No Max Scherzer. Though he is in Cleveland. No Anthony Rendon. He’s back in D.C. So just enjoy some baseball if you’re watching the 90th Midsummer Classic tonight...

SiriusXM All-Star Futures Game Photo by Adam Glanzman/MLB Photos via Getty Images

There won’t be any Washington Nationals on the field for the 50th edition of MLB’s All-Star Game, which is being held tonight at 7:30 PM EDT in Cleveland, Ohio’s Progressive Field.

There isn’t even any hope of Max Scherzer running out to prematurely celebrate a walk-off win since the National League is the visiting team in this year’s game.

Scherzer backed out of participating in the Midsummer Classic, after earning a roster spot for the seventh straight season, with back stiffness which cropped up after his start on the road in Detroit late last month and bothered him again after his start this past Saturday.

“We all kind of huddled around and realized it’s probably not smart for me to be pitching in the All-Star Game,” Scherzer explained this past weekend, as quoted by MASN’s Mark Zuckerman. “It really couldn’t happen at a better time, where I can get some rest and get eight days now. I need some rest right now to let this thing fully heal up, so that I’m completely good to go for the second half.”

“Our season matters so much more than the All-Star Game,” he added, “that this was an opportunity to gain rest, and not for pitching in the All-Star Game.”

Anthony Rendon, the only other National selected, cited left quad and hamstring issues in explaining his own decision to use the Break to rest and heal up for the so-called “second-half” of the 2019 campaign.

“I am honored to be able to chosen,” Rendon explained, “especially being a player vote, that my peers have that respect for me, and I appreciate it a lot, but since the game doesn’t really mean too much at the moment, except for personal reasons and we have bigger fish to fry here in D.C., so we are trying to get everyone healthy and I’m a part of that as well, so I want to be a big threat for the second half.”

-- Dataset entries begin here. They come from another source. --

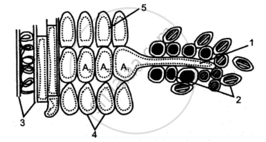 (i) Name the parts indicated by guidelines ‘1’ to ‘5’
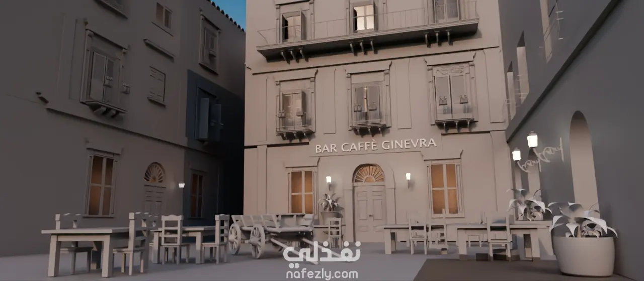 قمت بنمذجة بيئة ثلاثية الأبعاد 3D مستوحاة من أجواء لعبة Mafia، حيث صممت شارعًا إيطاليًا قديمًا يضم مبنى مقهى “Bar Caffè Ginevra” مع التفاصيل المحيطة به مثل النوافذ الخشبية، الشرفات، الطاولات، العربات، والإضاءة الخارجية. العمل يعتمد بالكامل على مودلينج من الصفر مع التركيز على الأسلوب الكلاسيكي للعمارة الإيطالية وتوزيع الأثاث بما يخدم أجواء اللعبة. تم إعداد المشهد بدقة عالية ليكون جاهزًا للاستخدام في الألعاب، المشاهد السينمائية، أو العروض المرئية، مع مراعاة الـ scale الواقعي وتوزيع العناصر بطريقة تضيف عمقًا للمشهد
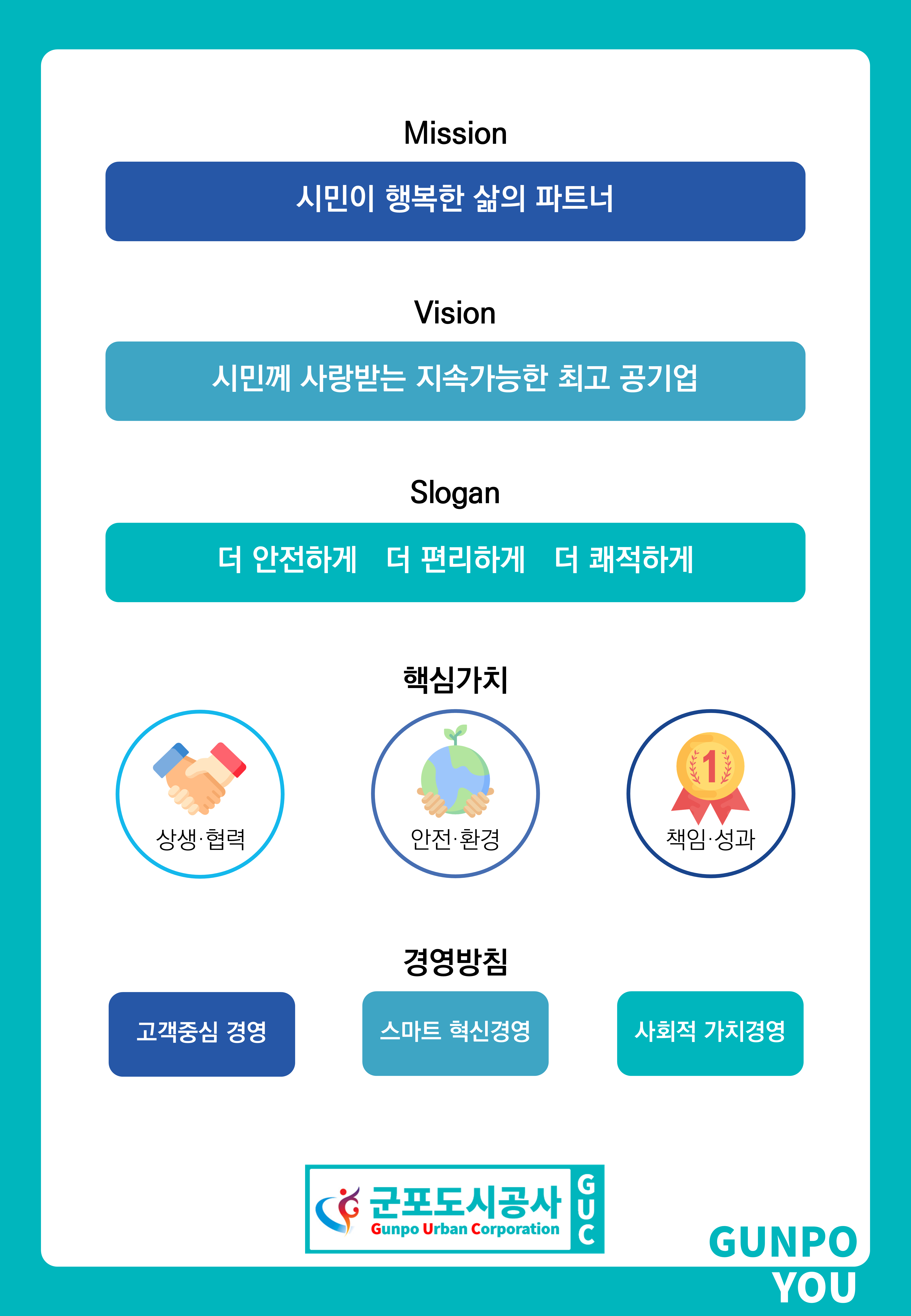 군포도시공사(사장 원명희)는 임직원이 공사의 미션인 ‘시민이 행복한 삶의 파트너’를 확고히 실현하도록 경영전략체계를 개선했다고 밝혔다.
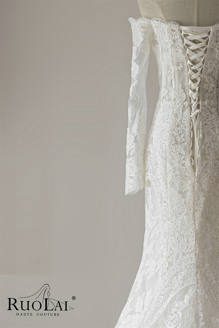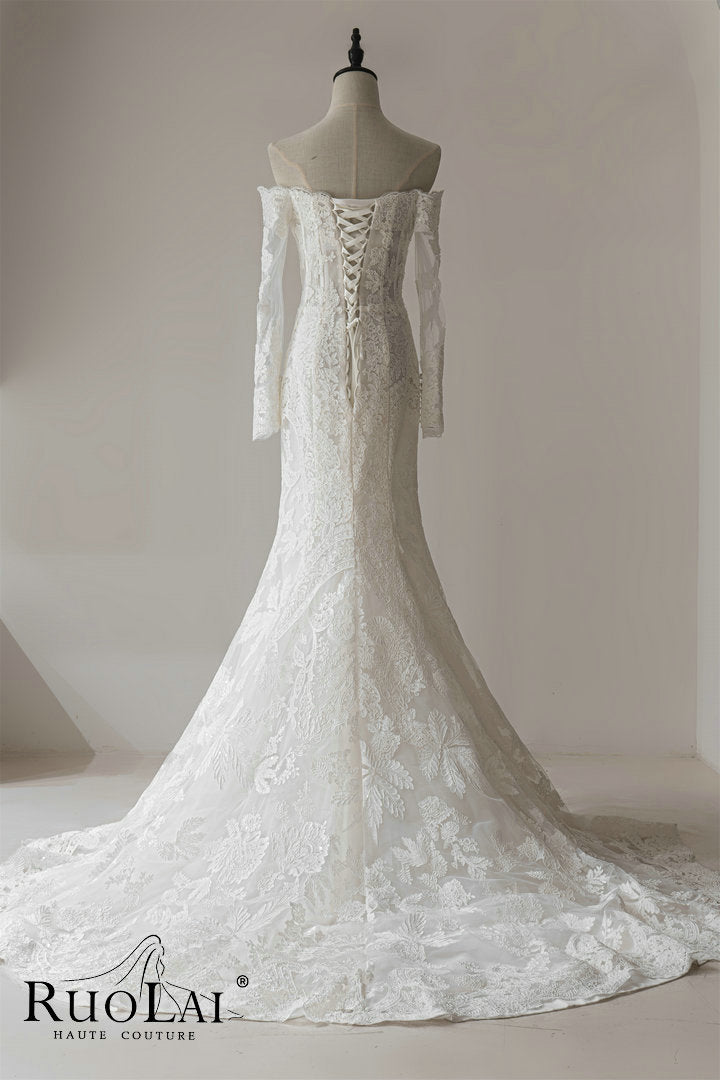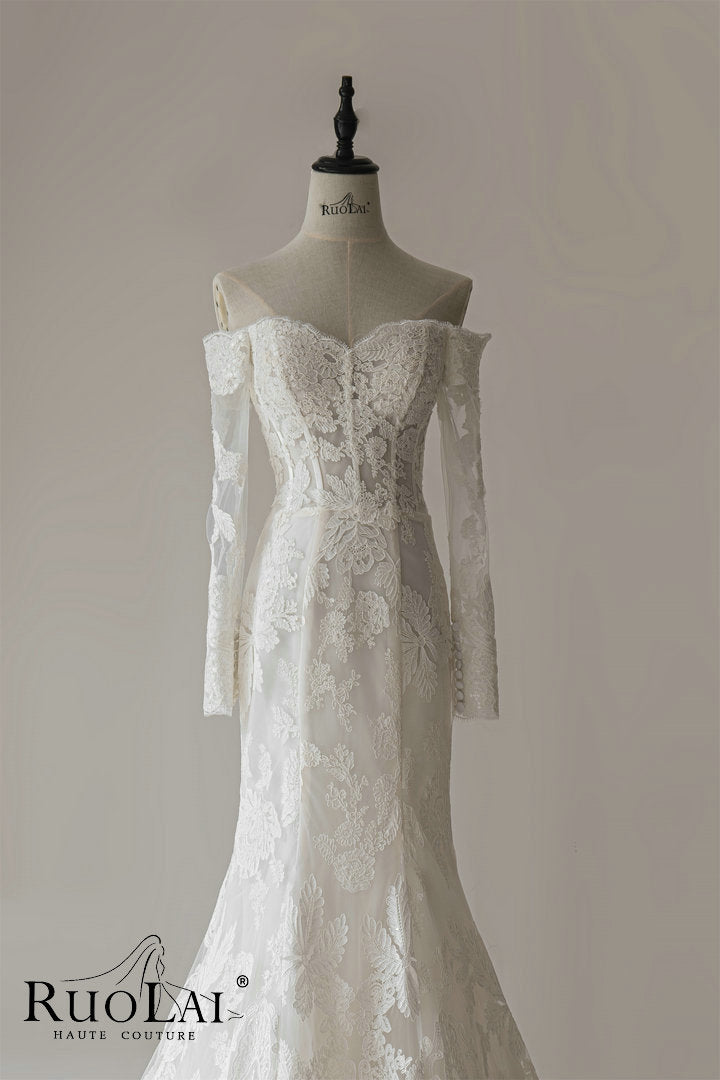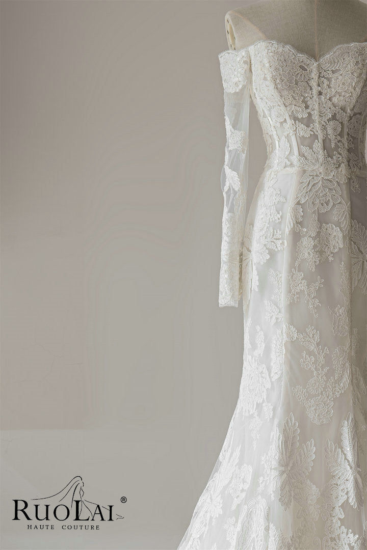 Modern Off The Shouder Long Sleeve Wedding Dresses for Women Pretty Mermaid High Quality Lace Appliqued Sweetheart Neckline Bridal Gowns

Can’t really question or complain about the thinking in both players deciding to skip the All-Star Game, especially with things going the way they are in Washington.

The Nationals need both of them healthy in the second half, so the rest of the NL roster will have to win it on their own.

We’ll probably watch anyway, though not with as much interest as we would if Rendon was playing and Scherzer was pitching. You? Are you tuning in or taking advantage of the night off from Nationals baseball to do something else?